Received 10 August 2012; Accepted 13 March 2013

Academic Editor: Casey M. Calkins

Copyright © 2013 Arjan J. F. P. Verhaegh et al. This is an open access article distributed under the Creative Commons Attribution License, which permits unrestricted use, distribution, and reproduction in any medium, provided the original work is properly cited.

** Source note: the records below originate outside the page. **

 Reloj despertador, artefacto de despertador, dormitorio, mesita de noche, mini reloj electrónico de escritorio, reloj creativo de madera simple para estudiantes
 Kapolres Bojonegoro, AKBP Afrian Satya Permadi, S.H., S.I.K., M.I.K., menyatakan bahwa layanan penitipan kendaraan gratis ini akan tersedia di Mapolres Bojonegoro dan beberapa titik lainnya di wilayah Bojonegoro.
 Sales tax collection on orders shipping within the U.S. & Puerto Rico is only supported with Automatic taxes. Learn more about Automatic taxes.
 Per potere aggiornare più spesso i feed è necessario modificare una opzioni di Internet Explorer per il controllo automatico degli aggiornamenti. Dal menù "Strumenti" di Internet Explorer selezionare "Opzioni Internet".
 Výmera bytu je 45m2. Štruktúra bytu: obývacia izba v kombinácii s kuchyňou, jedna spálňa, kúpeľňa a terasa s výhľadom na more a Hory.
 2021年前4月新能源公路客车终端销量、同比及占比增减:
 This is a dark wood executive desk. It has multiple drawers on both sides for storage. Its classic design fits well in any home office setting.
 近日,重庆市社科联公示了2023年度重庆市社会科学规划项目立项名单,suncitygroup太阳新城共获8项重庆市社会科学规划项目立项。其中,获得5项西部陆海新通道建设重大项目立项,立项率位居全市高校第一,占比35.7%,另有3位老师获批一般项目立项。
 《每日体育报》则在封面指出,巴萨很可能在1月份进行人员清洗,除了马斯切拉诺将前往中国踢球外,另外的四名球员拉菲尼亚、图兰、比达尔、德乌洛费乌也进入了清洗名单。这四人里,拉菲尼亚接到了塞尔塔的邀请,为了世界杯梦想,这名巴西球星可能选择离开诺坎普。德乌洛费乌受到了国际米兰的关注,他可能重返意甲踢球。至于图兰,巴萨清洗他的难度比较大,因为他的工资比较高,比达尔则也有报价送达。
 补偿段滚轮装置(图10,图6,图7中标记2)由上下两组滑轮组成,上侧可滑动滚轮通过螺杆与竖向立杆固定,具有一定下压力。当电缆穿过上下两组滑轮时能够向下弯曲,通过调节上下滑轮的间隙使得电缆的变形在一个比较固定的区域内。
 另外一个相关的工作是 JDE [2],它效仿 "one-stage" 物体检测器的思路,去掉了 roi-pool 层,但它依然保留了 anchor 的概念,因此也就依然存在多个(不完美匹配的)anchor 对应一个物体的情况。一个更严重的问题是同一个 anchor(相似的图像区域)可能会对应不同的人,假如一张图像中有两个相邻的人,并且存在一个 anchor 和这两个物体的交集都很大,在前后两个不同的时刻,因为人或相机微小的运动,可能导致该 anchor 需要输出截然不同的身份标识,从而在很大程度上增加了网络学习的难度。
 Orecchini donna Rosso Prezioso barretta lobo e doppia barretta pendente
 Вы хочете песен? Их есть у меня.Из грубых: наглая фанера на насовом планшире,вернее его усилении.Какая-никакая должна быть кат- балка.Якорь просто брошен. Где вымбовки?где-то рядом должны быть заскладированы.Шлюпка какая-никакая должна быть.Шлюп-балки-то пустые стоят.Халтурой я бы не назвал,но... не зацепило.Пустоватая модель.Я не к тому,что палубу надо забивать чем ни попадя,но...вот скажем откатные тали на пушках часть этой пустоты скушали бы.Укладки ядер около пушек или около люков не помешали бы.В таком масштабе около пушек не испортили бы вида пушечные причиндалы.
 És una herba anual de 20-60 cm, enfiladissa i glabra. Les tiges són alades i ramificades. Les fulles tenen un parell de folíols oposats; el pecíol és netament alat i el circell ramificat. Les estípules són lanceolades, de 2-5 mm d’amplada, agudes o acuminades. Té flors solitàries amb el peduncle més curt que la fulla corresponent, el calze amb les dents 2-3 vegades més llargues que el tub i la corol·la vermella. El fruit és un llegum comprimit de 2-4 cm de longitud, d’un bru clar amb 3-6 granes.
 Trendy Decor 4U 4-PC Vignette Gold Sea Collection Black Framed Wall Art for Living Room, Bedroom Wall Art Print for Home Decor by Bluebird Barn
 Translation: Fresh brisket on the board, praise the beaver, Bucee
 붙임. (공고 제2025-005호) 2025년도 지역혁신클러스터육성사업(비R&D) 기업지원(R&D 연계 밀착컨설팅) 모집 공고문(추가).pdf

The “hybrid” approach to multivessel coronary artery disease combines surgical left internal thoracic artery (LITA) to left anterior descending coronary artery (LAD) bypass grafting and percutaneous coronary intervention of the remaining lesions. Ideally, the LITA to LAD bypass graft is performed in a minimally invasive fashion. This review aims to clarify the place of hybrid coronary revascularization (HCR) in the current therapeutic armamentarium against multivessel coronary artery disease. Eighteen studies including 970 patients were included for analysis. The postoperative LITA patency varied between 93.0% and 100.0%. The mean overall survival rate in hybrid treated patients was 98.1%. Hybrid treated patients showed statistically significant shorter hospital length of stay (LOS), intensive care unit (ICU) LOS, and intubation time, less packed red blood cell (PRBC) transfusion requirements, and lower in-hospital major adverse cardiac and cerebrovascular event (MACCE) rates compared with patients treated by on-pump and off-pump coronary artery bypass grafting (CABG). This resulted in a significant reduction in costs for hybrid treated patients in the postoperative period. In studies completed to date, HCR appears to be a promising and cost-effective alternative for CABG in the treatment of multivessel coronary artery disease in a selected patient population.